Exercise instructions:
Find the line that holds "Title: CSE 502", then repeat it and each line below it word for word through the end of the listing, leaving out pictures.
Segment Start: Provided material
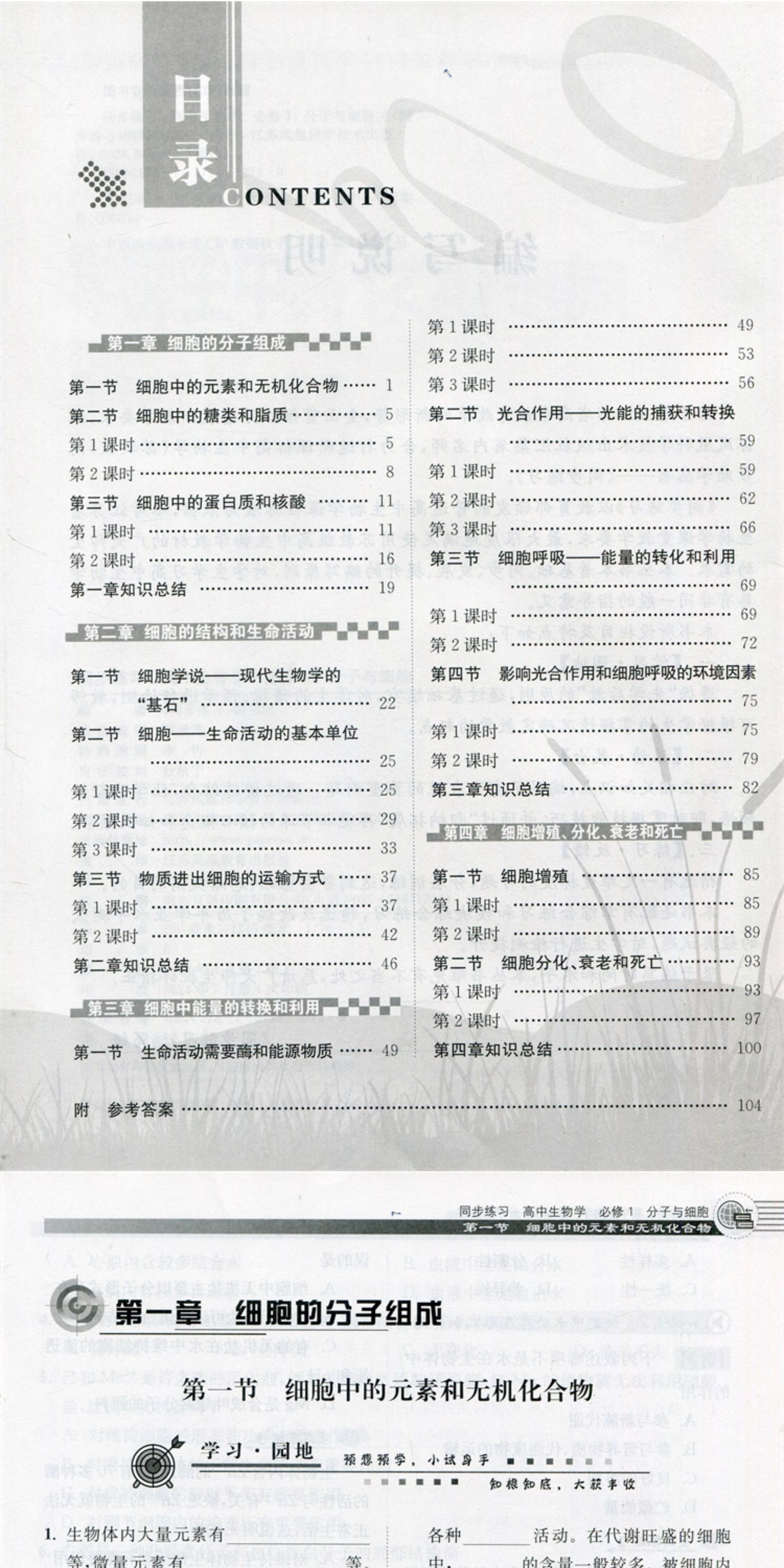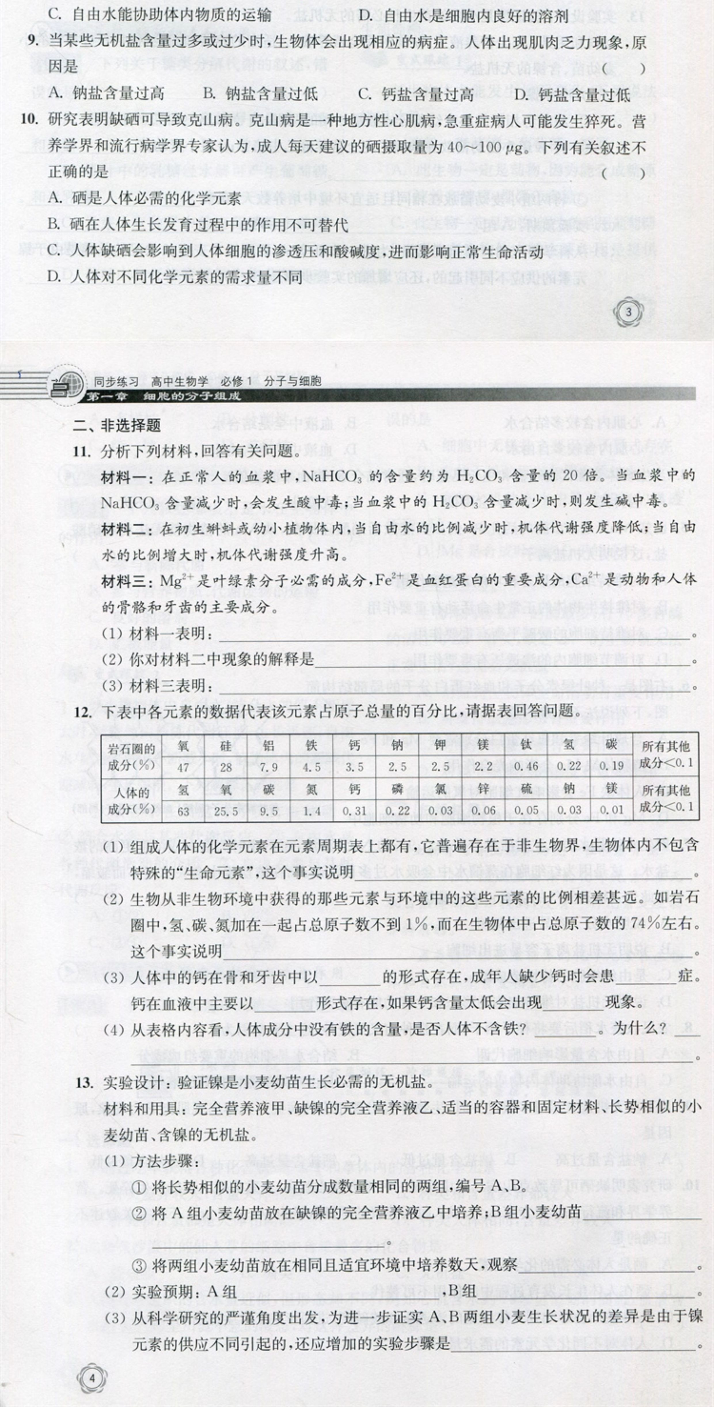 2025年 同步练习 高中生物学 苏教版 必修1 分子与细胞中学教辅
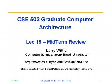 Title: CSE 502 Graduate Computer Architecture Lec 15
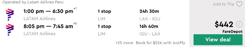 Amazing deal: Los Angeles to Brazil: Sao Paulo or Iguazu Falls flight round-trip as low as $407.
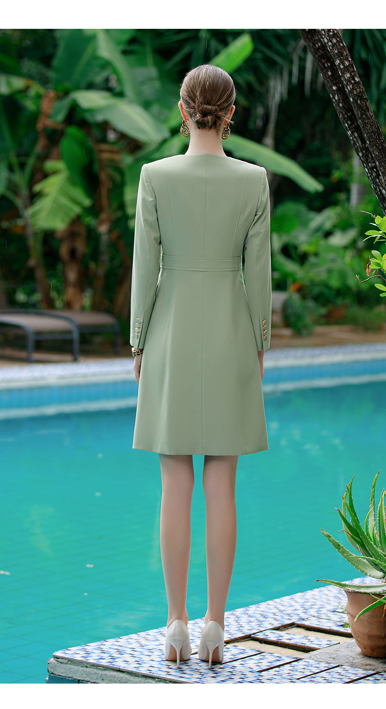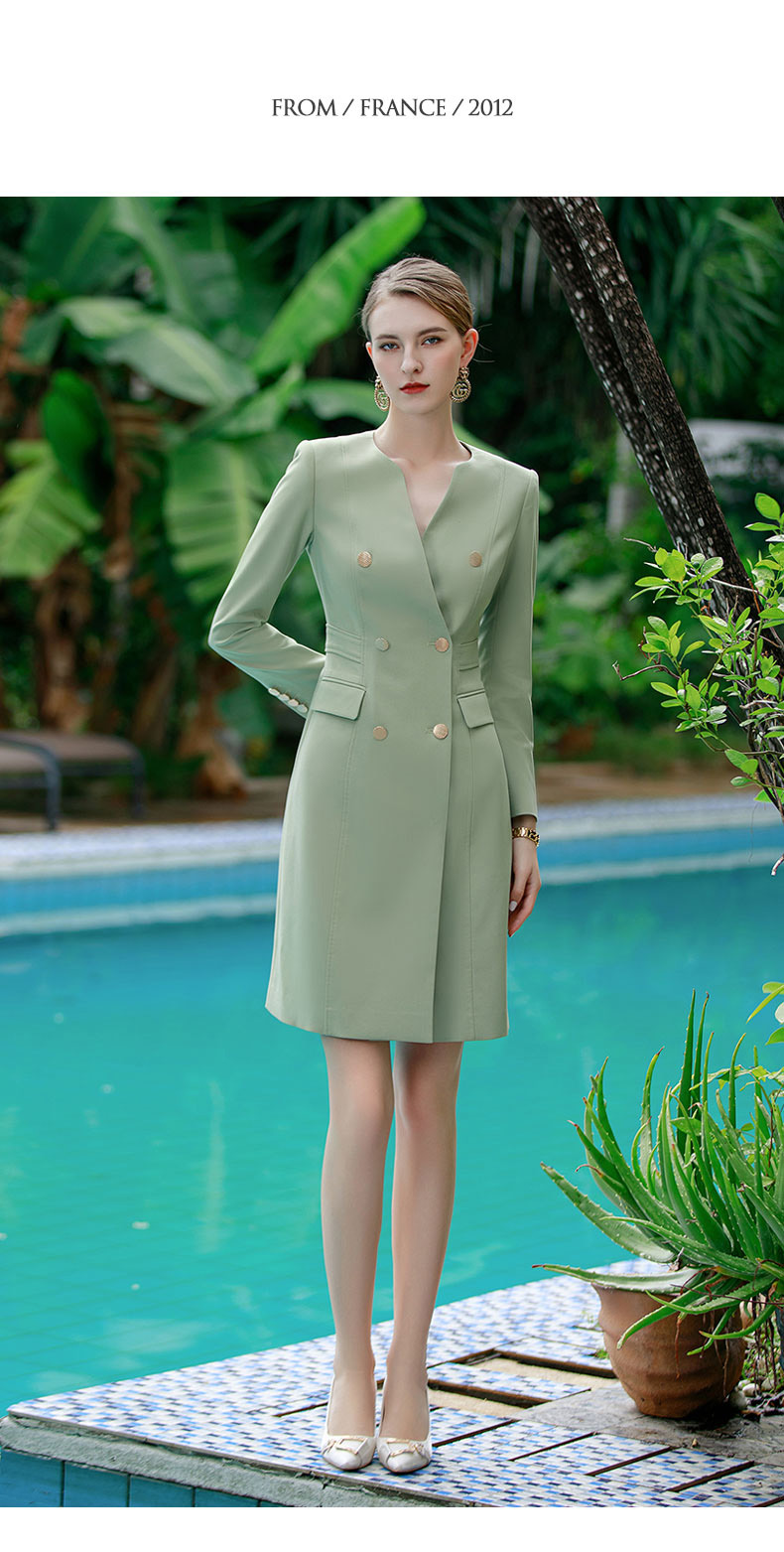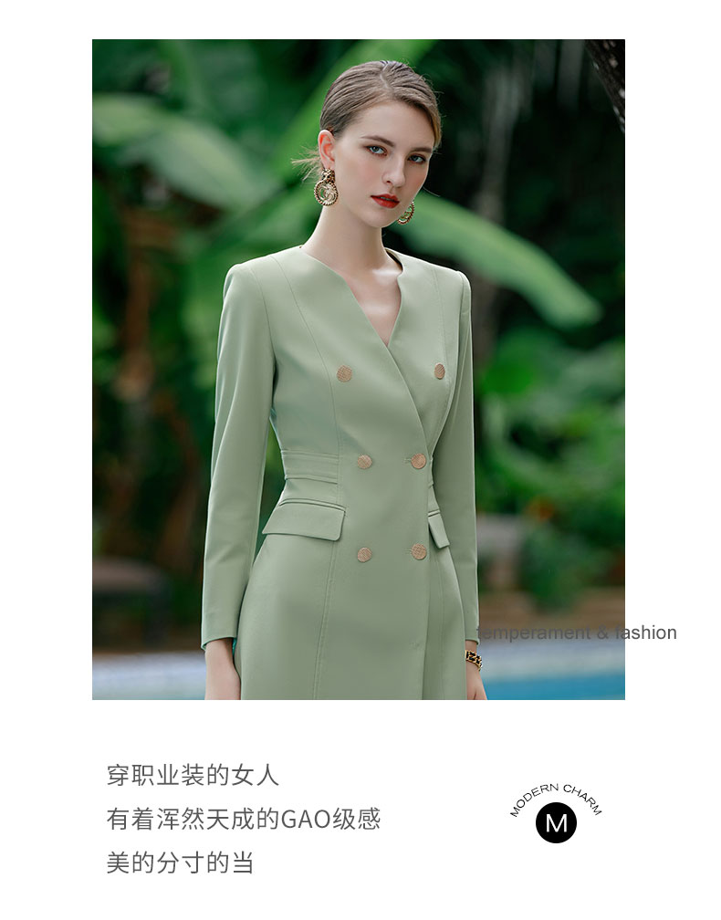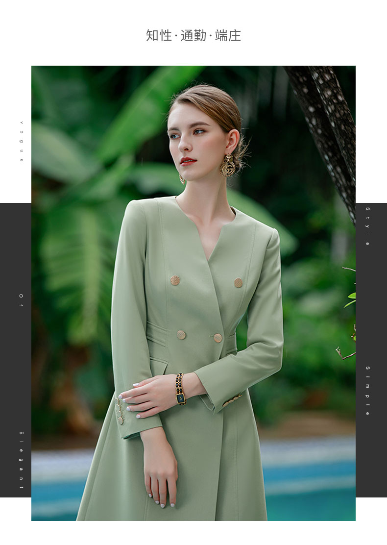 IWY/御姐范西装连衣裙女春绿色高级感正式场合a字裙播音主持人正装Q839
Segment End: Provided material
Worked solution:
 Title: CSE 502 Graduate Computer Architecture Lec 15
 Amazing deal: Los Angeles to Brazil: Sao Paulo or Iguazu Falls flight round-trip as low as $407.
 IWY/御姐范西装连衣裙女春绿色高级感正式场合a字裙播音主持人正装Q839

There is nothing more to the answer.